- _Given records_
"""

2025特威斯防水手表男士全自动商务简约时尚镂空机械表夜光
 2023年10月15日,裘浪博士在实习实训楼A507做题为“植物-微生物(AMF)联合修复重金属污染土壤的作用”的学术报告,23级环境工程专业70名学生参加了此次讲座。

"""
"""

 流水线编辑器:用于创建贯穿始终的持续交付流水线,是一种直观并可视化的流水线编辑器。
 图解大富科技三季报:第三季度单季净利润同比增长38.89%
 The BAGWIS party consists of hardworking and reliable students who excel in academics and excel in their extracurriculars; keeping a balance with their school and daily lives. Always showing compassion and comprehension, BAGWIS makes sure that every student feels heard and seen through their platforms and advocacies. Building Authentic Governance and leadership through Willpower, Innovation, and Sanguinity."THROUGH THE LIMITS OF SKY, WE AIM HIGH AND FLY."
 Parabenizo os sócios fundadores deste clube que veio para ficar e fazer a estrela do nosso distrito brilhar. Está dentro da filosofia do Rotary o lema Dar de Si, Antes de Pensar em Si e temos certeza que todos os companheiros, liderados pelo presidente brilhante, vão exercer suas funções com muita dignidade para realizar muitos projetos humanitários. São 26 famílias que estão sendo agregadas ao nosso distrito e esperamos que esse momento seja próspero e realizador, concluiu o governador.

"""

- _About this exercise_
The exact lines of the material above starting at the one that contains "2025特威斯防水手表男士全自动商务简约时尚镂空机械表夜光" and ending at the one that contains "2023年10月15日,裘浪" are what to retype; leave out everything else.

- _Answer below_
2025特威斯防水手表男士全自动商务简约时尚镂空机械表夜光
 2023年10月15日,裘浪博士在实习实训楼A507做题为“植物-微生物(AMF)联合修复重金属污染土壤的作用”的学术报告,23级环境工程专业70名学生参加了此次讲座。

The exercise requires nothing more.